Last Friday was day 15 of the Epic Games-Apple antitrust trial.  Apple CEO Tim Cook completed his testimony.  Both sides have rested on evidence presentations. 

Mr. Cook made his case that Apple puts users first and the exclusive, centralized distribution of native apps through the Apple App Store ensures protection of user privacy, security and safety. 

Judge Gonzalez Rogers put quite a bit of pressure on Mr. Cook with her own questions at the end of his testimony.  She could be playing devil’s advocate, but she pushed a line of questioning suggesting that Apple generates a disproportionate amount of App Store revenue from in-app game purchases. 

She suggested Apple, by making 85% of apps free, effectively uses in-app game purchases with 30% commissions to subsidize App Store operations for the vast majority of developers distributing free apps.  She cited a survey in the record that developers are not very satisfied with Apple’s App Store administration.  She also hinted at her view of Apple’s market power by suggesting the company’s recent initiation of a reduced commission rate (15%) for small developers (below $1 million in annual revenues) was driven by litigation strategy, not competitive pressures. 

Mr. Cook said free apps drive a bigger addressable market for gamers who thus benefit from Apple’s monetization approach. 

As she has suggested at points during the trial, she is troubled by App Store policies that prohibit developers from informing users of alternatives (like going to the developer’s web site) to make game-relevant purchases and thereby avoid the App Store commission and enable a cheaper purchase.  A similar anti-steering provision was upheld by the Supreme Court in the recent American Express v. Ohio case, but Judge Gonzalez noted that merchants in that case could at least display logos of alternative credit cards that purchasers could use (even if they could not request customers to use them).  Apple defends by explaining that developers are free to communicate such options to users through non-iOS channels.

At the outset of Friday’s proceedings, the lawyers discussed with Judge Gonzalez Rogers the issues to prioritize at next week’s “point-counterpoint” debate over core legal issues in the case.   The first issue she suggested was remedies.  Remedies only come into play if there is first a finding of liability.  This does not mean she’s made up her mind, but it suggests she wants to address the issue if she concludes there is liability and some type of remedy must be imposed.  Greater flexibility for developers to advise iOS users of alternative payment options outside the App Store would look like a remedy of interest to the court.  Again, only if there is an ultimate liability finding. 

The court also suggested, as part of this week’s in-court legal debate, an interest in a focused discussion of market definition (perhaps the most critical issue in the case) and whether and how the application of antitrust principles in this case should be contoured to high tech markets constantly undergoing dynamic change. 

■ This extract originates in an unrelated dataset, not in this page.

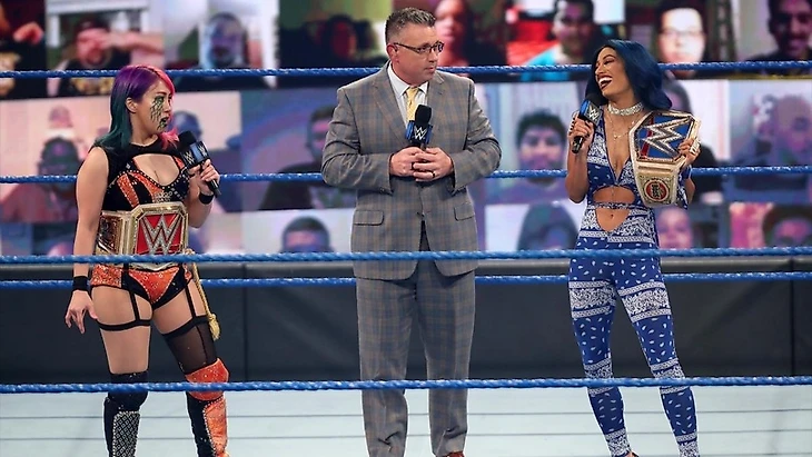 Состоялась ещё одна особая встреча между чемпионами обоих брендов - теперь уже дали слово прекрасной половине ростера WWE в лице женской чемпионки Monday Night RAW Аски и женской чемпионки Friday Night Smackdown Саши Бэнкс. Всё это дело проводил Майкл Коул и он разумеется представлял каждую из своих собеседниц с позиции их общих достижений как за этот год, так и в целом.
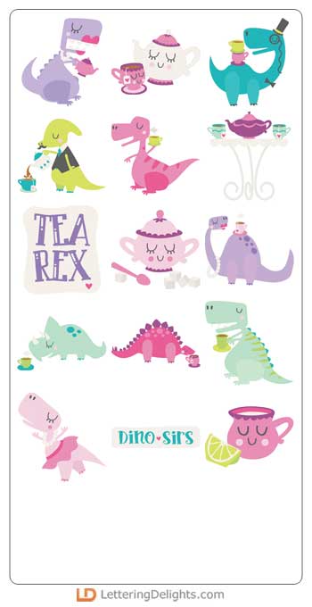 This fun collection features adorable dinosaurs in a park setting or a Tea Party setting. Perfect fo..

After trial proceedings close this week, we anticipate several weeks before the court issues its decision and opinion, recognizing that an appeal to the Ninth Circuit is likely.  Judge Gonzalez Rogers noted that she has a jury trial in another matter starting in a couple of weeks and that could complicate the timing of her decision.  We continue to give Apple the edge.  Although Judge Gonzalez Rogers apparently has concerns about App Store dominance, commission rate levels and the anti-steering restrictions of Apple’s policies, relevant precedents on antitrust market definition and monopolizing conduct are challenging for Epic Games.

Of critical importance in this context is App Store policy consistency, enforcing the same commission rate levels and anti-steering prohibitions virtually unchanged since the App Store launched in 2008, two years before Epic's own expert (Dr. David Evans) contends Apple obtained monopoly power in the app distribution market.  Generally, in a case asserting monopoly abuse of market power acquired by locking customers into the defendant's ecosystem (too burdensome or costly to switch to competitors), liability stems from exploitation of the market following successful lock-in of the targeted customers.  If Apple App Store policies have never changed (other than selected reductions in commission rates), proving monopolizing conduct is far more challenging. 

Moreover, even if the case reaches the remedies phase, it is not clear how much the App Store’s revenue growth would take a hit based on changes to the anti-steering provisions or if Apple is forced to lower commissions but change the way it imposes commissions on all developers who benefit from access to the App Store.  Apple has substantial flexibility in the way the company chooses to monetize its intellectual property and it has already indicated a willingness to modify its approach within the App Store if forced to do so as a consequence of this litigation.  We doubt the court would force Apple to enable Epic or other entities to establish their own third-party app stores inside Apple’s iOS App Store, the dream remedy Epic seeks in the case.

*Note: This analyst holds shares in AAPL subject to Hedgeye's personal trading policy.